Back in May we wrote a blog post about the new version of pfam_scan.pl. We asked if there was anyone out there who was willing to help us test our new script, and we were pleasantly surprised at the number of people who got in contact with us – so a big thank you to all those who have helped. Since releasing the alpha version of pfam_scan.pl to our testers we have made some internal changes to the script that are worth mentioning:
Searching Pfam-B HMMs
We are frequently asked how to search sequences against Pfam-B families, and now we are providing this facility as part of pfam_scan.pl. Pfam-A families are the main entry point for scientists in their day-to-day use of Pfam. The alignments for each Pfam-A family have been carefully checked by one of our curators, and each one is accompanied by annotation. In the past we have made a library of all the curated entries in the database (the Pfam-A HMMs) available for users to search against.
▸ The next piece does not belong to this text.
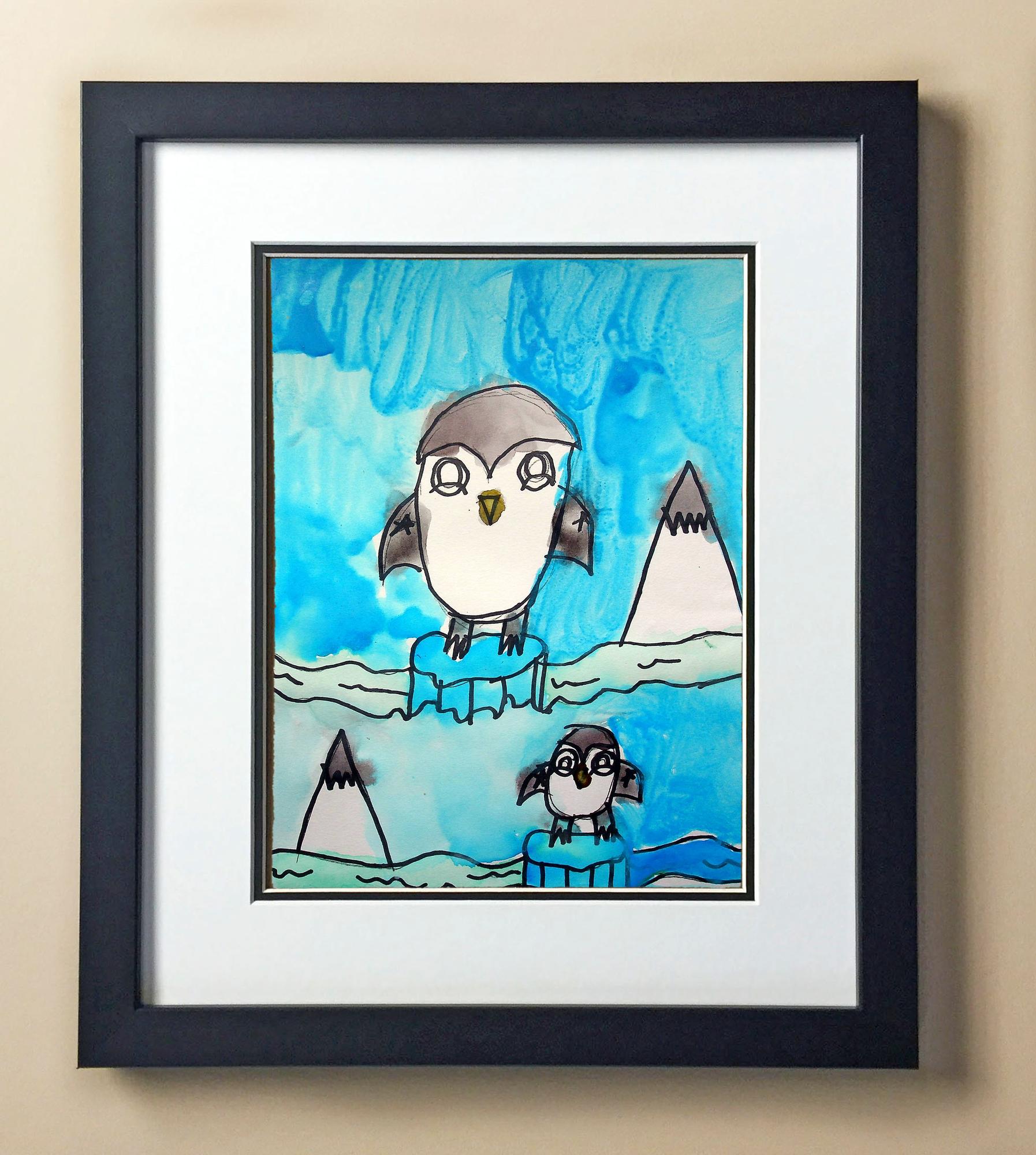 Included with the purchase is the Students Artwork, Frame, double matboard, shatter proof plexiglass, and a ready to hang backerboard with turnbuttons

Within Pfam, we have a second set of families called Pfam-B families. These families are automatically generated alignments that have no accompanying HMMs or annotation, and their alignments have not passed any of the normal quality control that we would perform for a Pfam-A family. This means Pfam-B families are of much lower quality than our Pfam-A families, however they do help us to fill the sequence space that Pfam-A families do not cover.
In the last release there were 223,403 Pfam-B entries, with the number of sequences matching each Pfam-B entry following a long-tailed distribution. With HMMER3 being significantly faster than HMMER2, we have chosen to generate HMMs for the top 20,000 (largest automatic families) Pfam-B families, as these are the most relevant. Most entries below this cut-off contain less than 10 sequences. As multi-threaded versions of HMMER3 become available we may include more entires, but for the moment the search times against the Pfam-A and Pfam-B libraries are equivalent.
BUT….please remember that Pfam-B accessions are not stable between Pfam releases, so do not rely on them!
We wanted the new version of pfam_scan.pl to be fast, but also much more maintainable than the previous version. When we started work on the new pfam_scan.pl, we made the decision to use a number of third party Perl modules from CPAN. The most important of these is definitely the Moose framework For those of you who are unfamiliar with Moose, it’s a complete object system that improves on the Perl 5 object system and makes object-oriented code simpler and more powerful.
A word or two about Moose
Some our testers noticed that using Moose contributed fairly significantly to the runtime of the script (excluding running HMMER3). The performance overhead of a system like Moose is definitely something that needs to be considered. After careful consideration, we decided that it was a price worth paying, but we also thought that it was worth explaining our reasoning a little.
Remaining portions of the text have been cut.